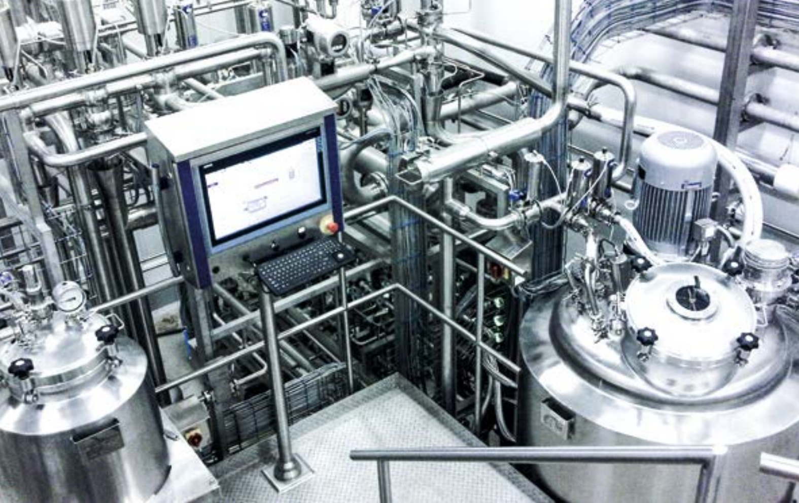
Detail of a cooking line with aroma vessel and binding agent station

* * *

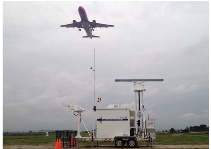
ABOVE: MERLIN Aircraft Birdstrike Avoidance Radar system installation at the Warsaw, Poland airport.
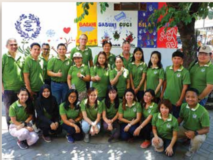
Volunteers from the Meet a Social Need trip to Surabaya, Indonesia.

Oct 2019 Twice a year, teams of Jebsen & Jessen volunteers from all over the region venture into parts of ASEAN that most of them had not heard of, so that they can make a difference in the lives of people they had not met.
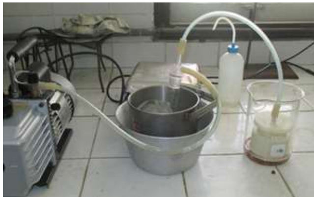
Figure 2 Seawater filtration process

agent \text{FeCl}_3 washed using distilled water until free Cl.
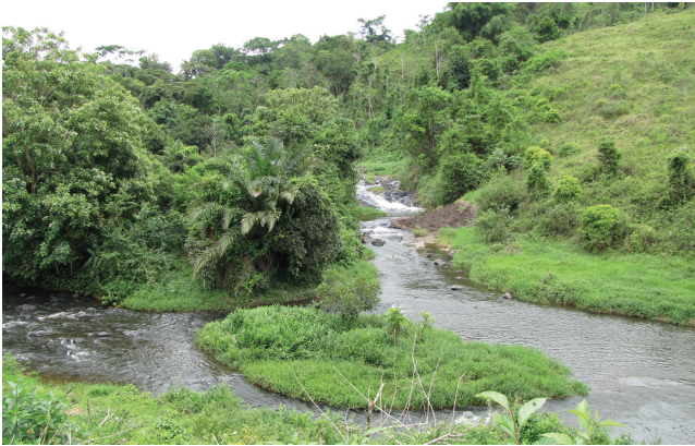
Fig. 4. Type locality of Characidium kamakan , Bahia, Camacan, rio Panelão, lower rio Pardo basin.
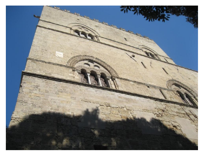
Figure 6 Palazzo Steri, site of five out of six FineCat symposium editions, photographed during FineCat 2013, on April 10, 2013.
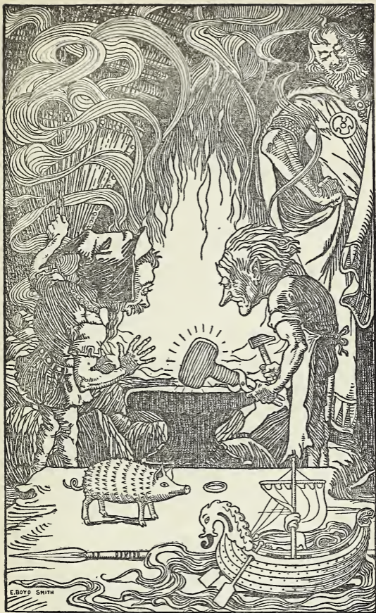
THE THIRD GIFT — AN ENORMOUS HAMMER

==

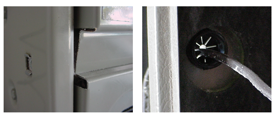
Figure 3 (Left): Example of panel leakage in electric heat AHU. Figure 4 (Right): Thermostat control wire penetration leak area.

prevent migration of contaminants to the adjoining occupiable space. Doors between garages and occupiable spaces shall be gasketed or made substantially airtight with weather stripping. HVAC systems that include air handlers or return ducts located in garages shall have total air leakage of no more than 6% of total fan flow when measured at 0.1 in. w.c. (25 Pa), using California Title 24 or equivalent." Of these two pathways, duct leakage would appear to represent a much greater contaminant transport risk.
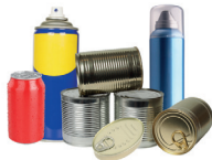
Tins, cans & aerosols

## Problem details
Would you print exactly the lines in the listing above, from the line bearing "until free Cl." through the line bearing "THE THIRD GIFT — AN ENORMOUS HAMMER", leaving out all pictures?

## Response area
agent \text{FeCl}_3 washed using distilled water until free Cl.
Fig. 4. Type locality of Characidium kamakan , Bahia, Camacan, rio Panelão, lower rio Pardo basin.
Figure 6 Palazzo Steri, site of five out of six FineCat symposium editions, photographed during FineCat 2013, on April 10, 2013.
THE THIRD GIFT — AN ENORMOUS HAMMER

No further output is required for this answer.